Cecilioides acicula

Blind screw ( Cecilioides acicula )

The blind worm ( Cecilioides acicula ), also called Common blind screw or pin worm, is a species of snail from the subordination of terrestrial snails ( gastropod ). It is a small snail that lives almost exclusively in the soil and is blind.

Features

The housing is high, slim and quite small ( 4.5 to 5.5 mm high and 1.2 mm wide). The apex is bluntly rounded. It has 5.5 weakly convex, regularly increasing whorls. The lateral line is therefore almost straight. The shell is very thin, smooth and shiny, translucent to transparent. Only empty shells are whitish- opaque with time. The mouth opening is pointed - oval along; it reaches approximately one third of the overall housing height.

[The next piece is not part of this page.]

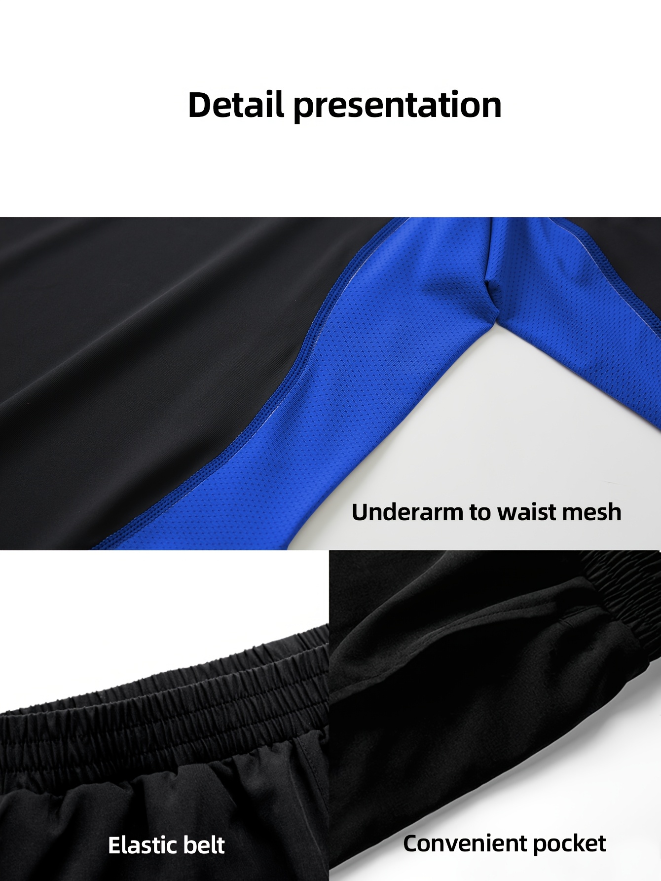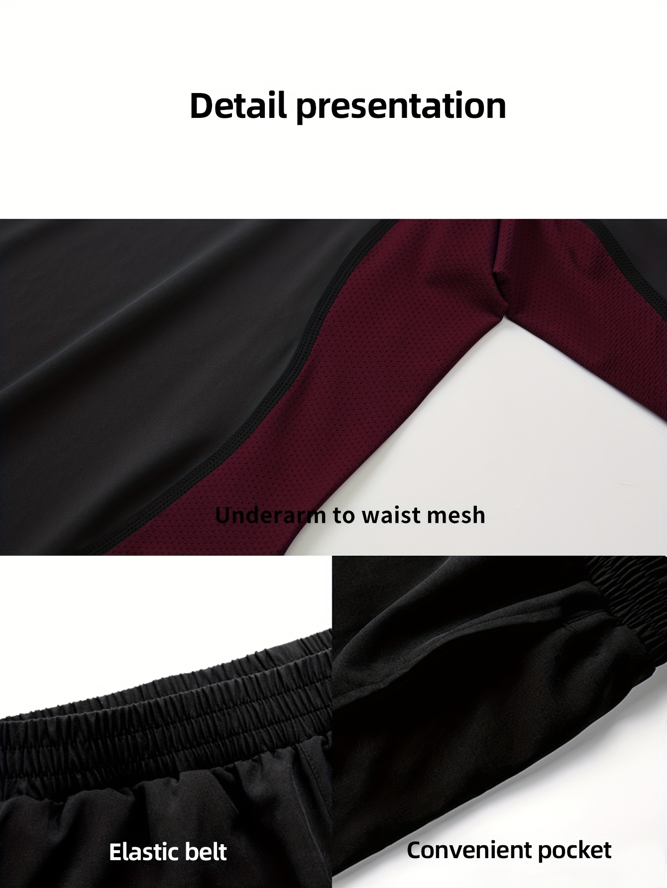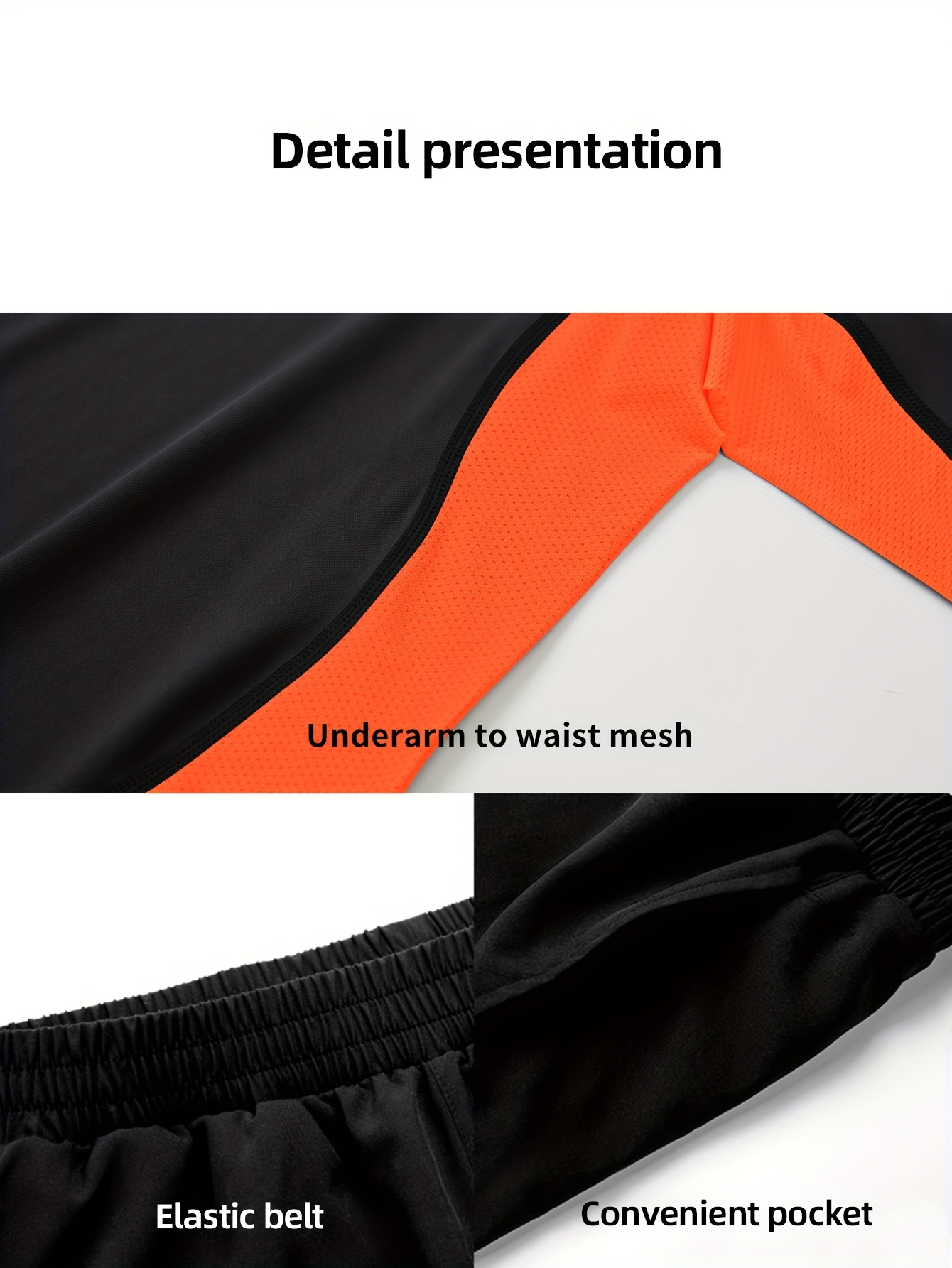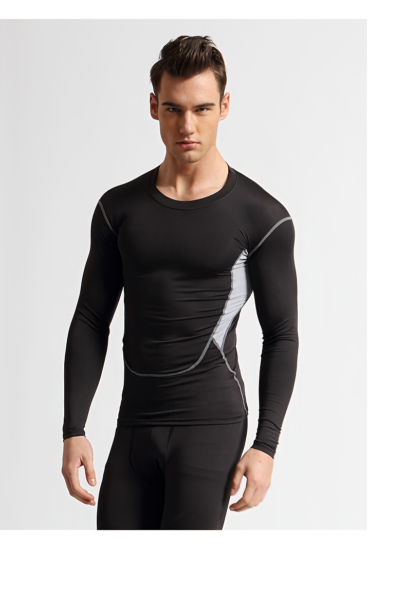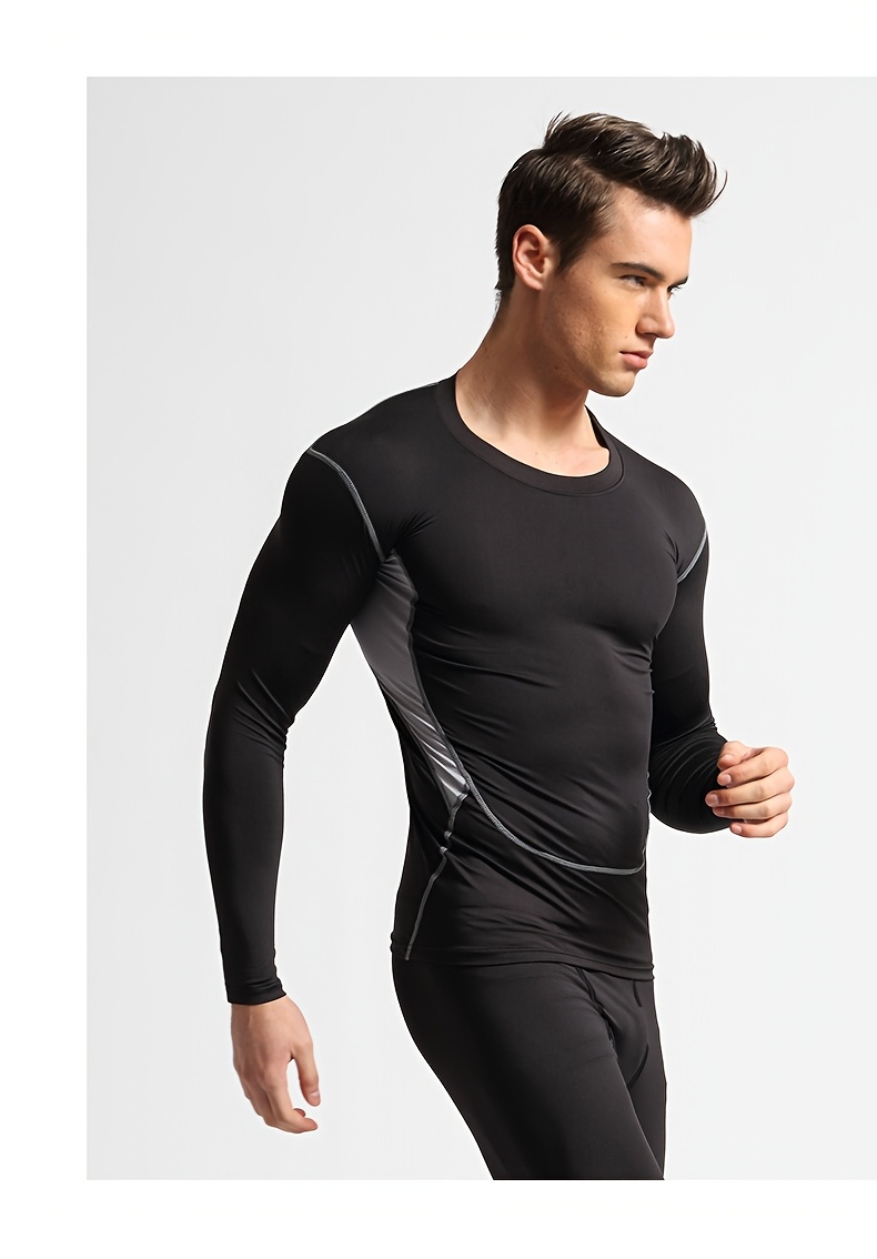 3pcs Men’S Athletic Workout Set – Breathable Mesh Long Sleeve & Leggings with Contrast Color Block, High-Stretch Gym & Running Outfit for Basketball, Training, Hiking – All-season Fitness Apparel, Workout Clothes, Basketball Gear
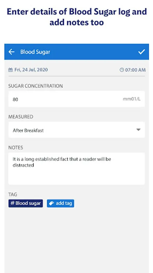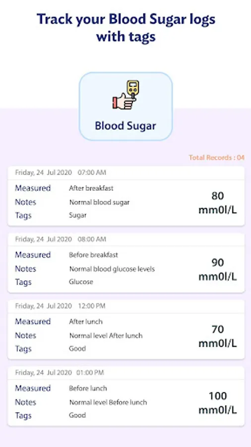 Add tags to each record – so with the help of diabetes logs you will find out your diabetes dynamics, for example, before meals, before breakfast, after lunch, after meals, In Morning, evening etc.

The soft body is yellowish - white and translucent. The animals can retreat completely into the housing.

Reproduction

Mating takes place in late May. Egg-laying begins in early June. The animals are mostly based on a few, very large, kalkschalige, spherical eggs that can reach a diameter of 0.75 mm, an amazing size for such a small animal. Eggs are laid individually, a total of only about 11 to 13 eggs are produced, from which, after a few days the young hatch finished ( ovoviviparous ).

Occurrence and life

The blind worm is widespread in southern, central and eastern Europe. In the north, the range extends to southern Scandinavia and northern England. In Switzerland, the species is found up to 1800 m altitude. She has since been deported even after Bermuda, North America, Mexico and New Zealand. The animals live underground in the gap systems of the soil and in boulder fields, rock crevices and caves up to about 40 cm, more rarely to 70 cm depth, and more. Occasionally, they also occur in the uppermost soil layers and under cushions of moss. They feed on fungi.